PROBLEM TO SOLVE:
Type out the listing below exactly. Pictures stay out of it.

DATASET EXCERPT:
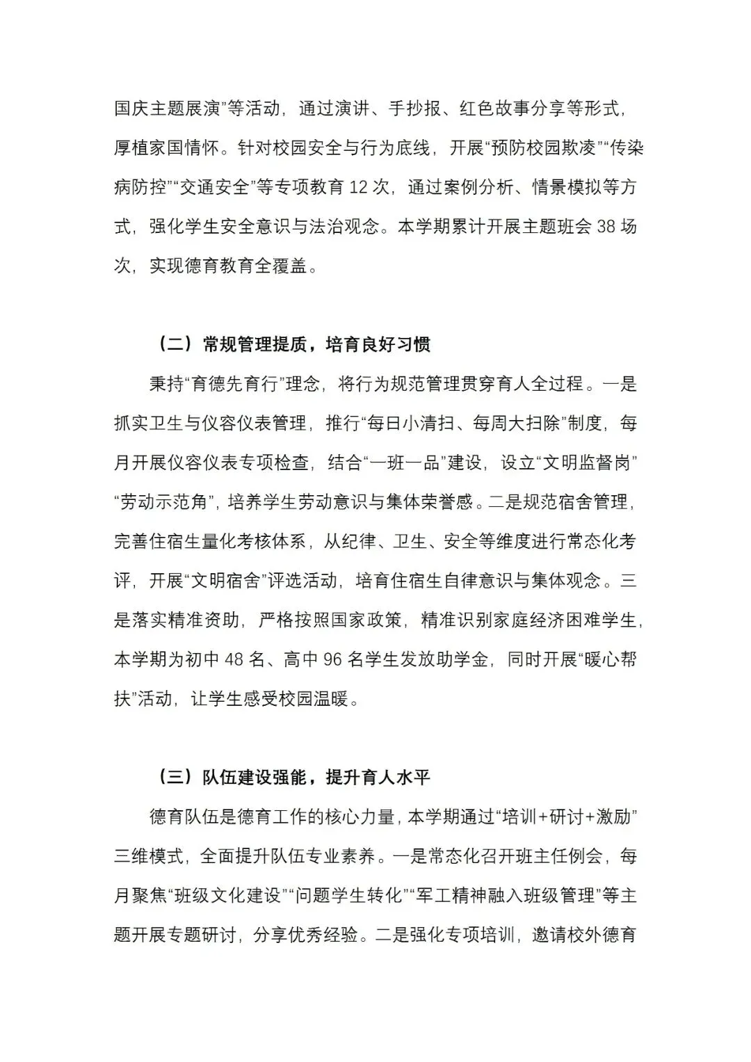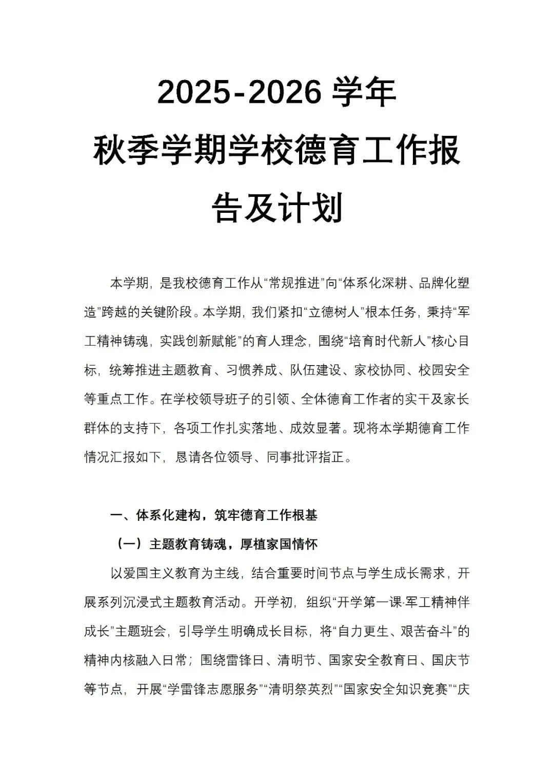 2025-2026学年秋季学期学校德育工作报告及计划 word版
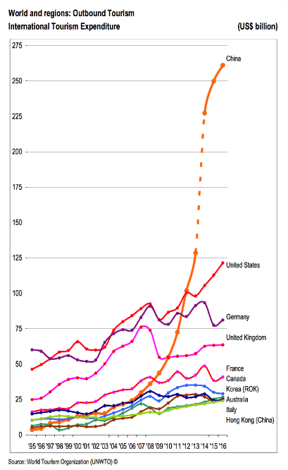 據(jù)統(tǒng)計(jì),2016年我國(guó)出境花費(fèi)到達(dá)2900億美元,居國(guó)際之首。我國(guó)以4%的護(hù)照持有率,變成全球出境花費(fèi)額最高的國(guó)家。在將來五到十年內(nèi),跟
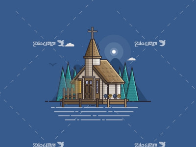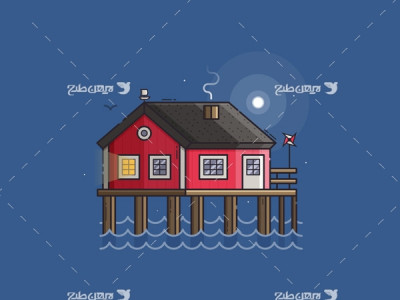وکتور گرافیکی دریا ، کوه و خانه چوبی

WRITTEN ANSWER:
 2025-2026学年秋季学期学校德育工作报告及计划 word版
 據(jù)統(tǒng)計(jì),2016年我國(guó)出境花費(fèi)到達(dá)2900億美元,居國(guó)際之首。我國(guó)以4%的護(hù)照持有率,變成全球出境花費(fèi)額最高的國(guó)家。在將來五到十年內(nèi),跟
وکتور گرافیکی دریا ، کوه و خانه چوبی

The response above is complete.